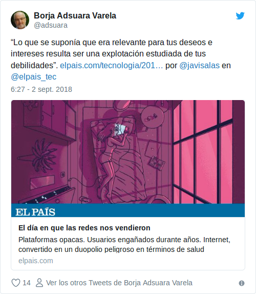 Eso nos llevaría a convertirnos en clientes de los servicios de empresas como Google, o bien en proveedores de los datos a cambio de otros servicios, como vender nuestra opinión a grupos de inversión para conocer el pulso del mercado. Esto no es ciencia ficción ni especulaciones. Es el modelo de negocio pilar actual de la economía de la red, y los expertos nos advierten de alguno de sus peligros.
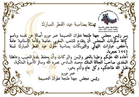 يسر رئيس مجلس جهة طنجة تطوان الحسيمة عمر مورو أصالة عن نفسه وباسم كافة مكونات المجلس أن يتقدم للشعب المغربي خاصة وللأمة الإسلامية عامة بأخلص عبارات التهاني والتبريكات بمناسبة حلول عيد الفطر المبارك لسنة 1443 هجرية.
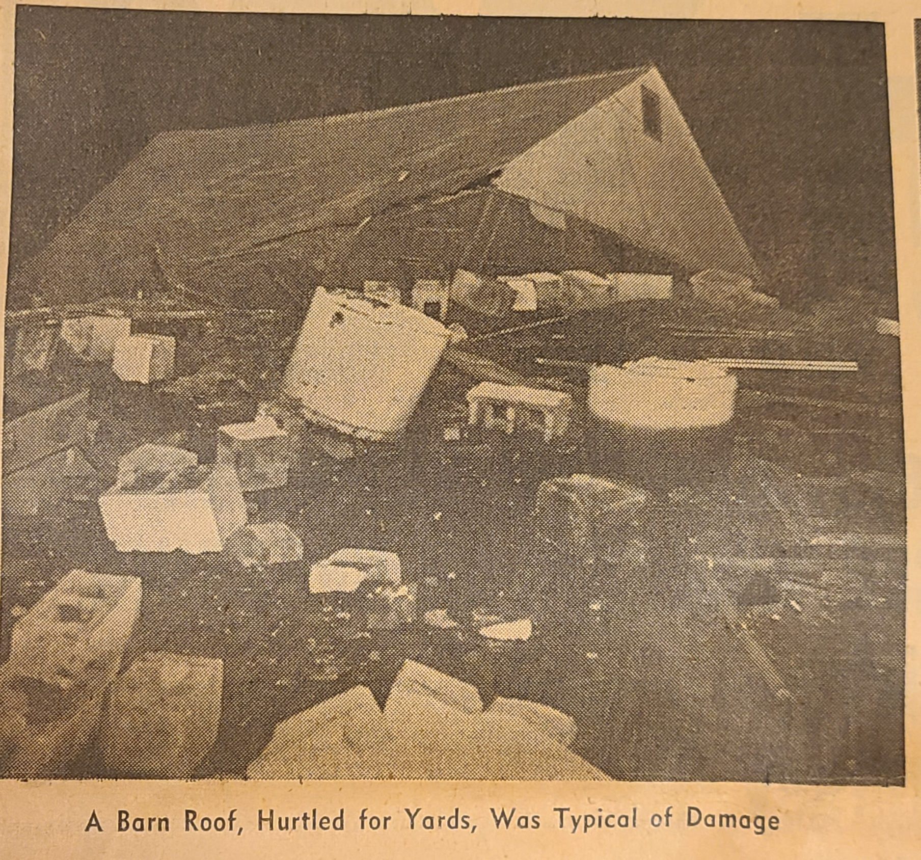 Newspaper articles and pictures from The Canton Repository describing the Nov. 17, 1965, describing the unexpected early morning tornado that took two lives, injured others, and destroyed property in Louisville.
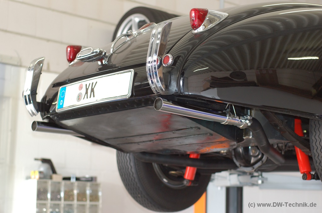 Uns hat es Spaß gemacht für diesen alten 6 Zylinder eine neue Anlage herzustellen, Originalität ab Krümmer wurde zugunsten der nichtrostenden hochlegierten ChromNickelStähle außer Acht gelassen. Die Endrohre sollten verchromt werden, denn das war früher so
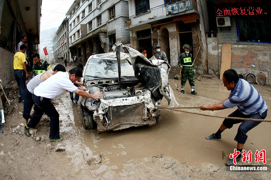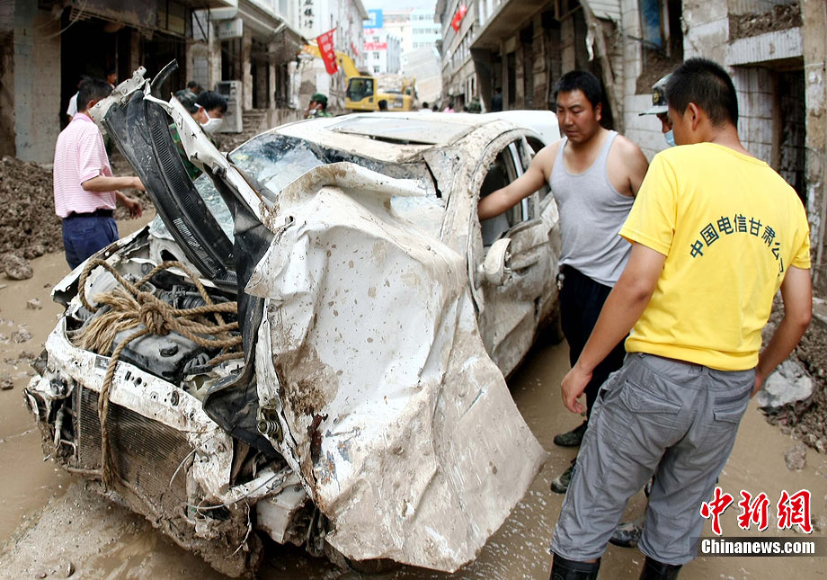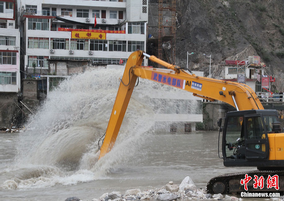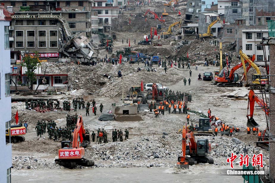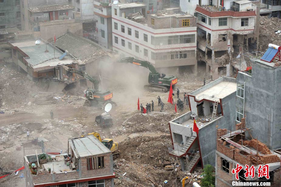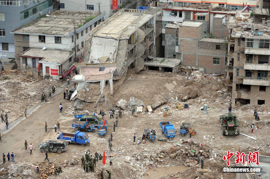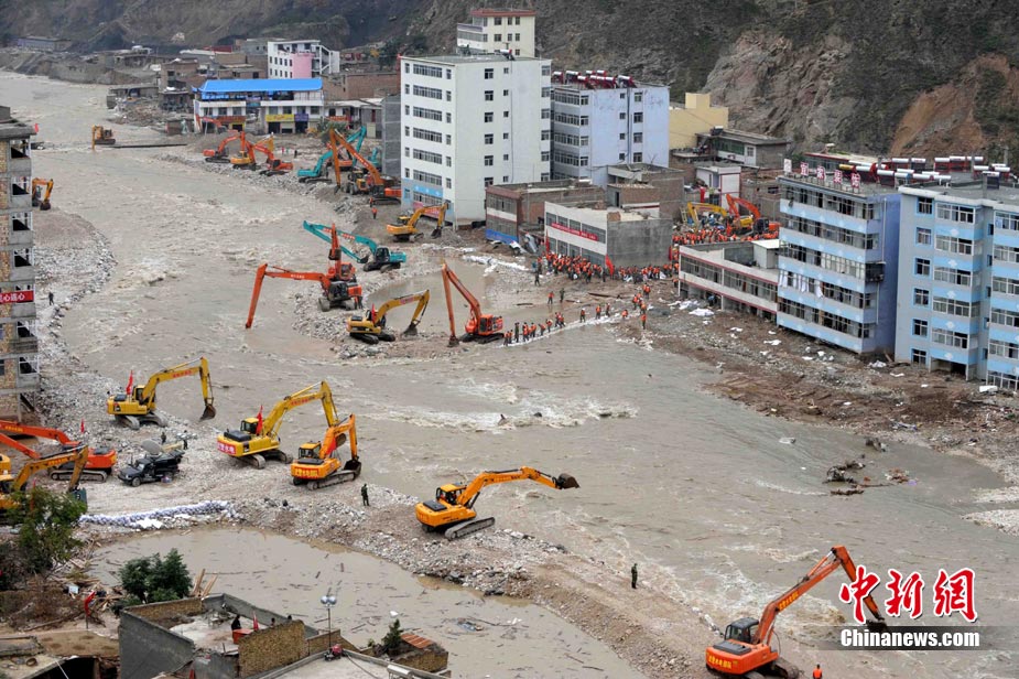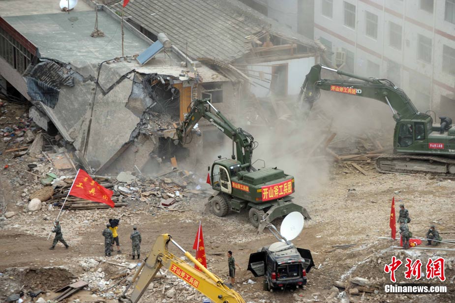 8月18日上午,由蘭州軍區某集團軍“開山斧工兵團”大型機械對舟曲特大山洪泥石流災害所致三眼峪重災區危樓進行拆除。中新社記者 陳文 攝
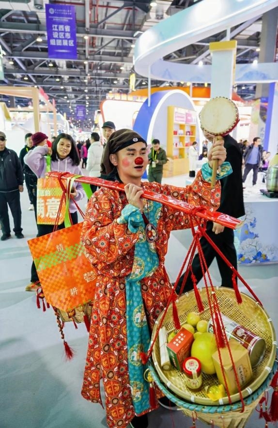 展区现场,“包满意”特色编织袋和“鬱家货郎”巡游表演吸引大量采购商和市民驻足互动。巡游人员身着传统服饰,肩挑满载玉林农产品的扁担,沿途进行特色吆喝推介,这些创新互动形式既增强了观众体验感,又有效传播了品牌理念,形成良好的社交传播效应。

━━━━━━━━━━━━━━━━━━━━━━━━━━━━━━

EXERCISE GOAL: Reproduce all the data as it stands. The pictures are not part of the copy.

PROBLEM SOLUTION:
 Eso nos llevaría a convertirnos en clientes de los servicios de empresas como Google, o bien en proveedores de los datos a cambio de otros servicios, como vender nuestra opinión a grupos de inversión para conocer el pulso del mercado. Esto no es ciencia ficción ni especulaciones. Es el modelo de negocio pilar actual de la economía de la red, y los expertos nos advierten de alguno de sus peligros.
 يسر رئيس مجلس جهة طنجة تطوان الحسيمة عمر مورو أصالة عن نفسه وباسم كافة مكونات المجلس أن يتقدم للشعب المغربي خاصة وللأمة الإسلامية عامة بأخلص عبارات التهاني والتبريكات بمناسبة حلول عيد الفطر المبارك لسنة 1443 هجرية.
 Newspaper articles and pictures from The Canton Repository describing the Nov. 17, 1965, describing the unexpected early morning tornado that took two lives, injured others, and destroyed property in Louisville.
 Uns hat es Spaß gemacht für diesen alten 6 Zylinder eine neue Anlage herzustellen, Originalität ab Krümmer wurde zugunsten der nichtrostenden hochlegierten ChromNickelStähle außer Acht gelassen. Die Endrohre sollten verchromt werden, denn das war früher so
 8月18日上午,由蘭州軍區某集團軍“開山斧工兵團”大型機械對舟曲特大山洪泥石流災害所致三眼峪重災區危樓進行拆除。中新社記者 陳文 攝
 展区现场,“包满意”特色编织袋和“鬱家货郎”巡游表演吸引大量采购商和市民驻足互动。巡游人员身着传统服饰,肩挑满载玉林农产品的扁担,沿途进行特色吆喝推介,这些创新互动形式既增强了观众体验感,又有效传播了品牌理念,形成良好的社交传播效应。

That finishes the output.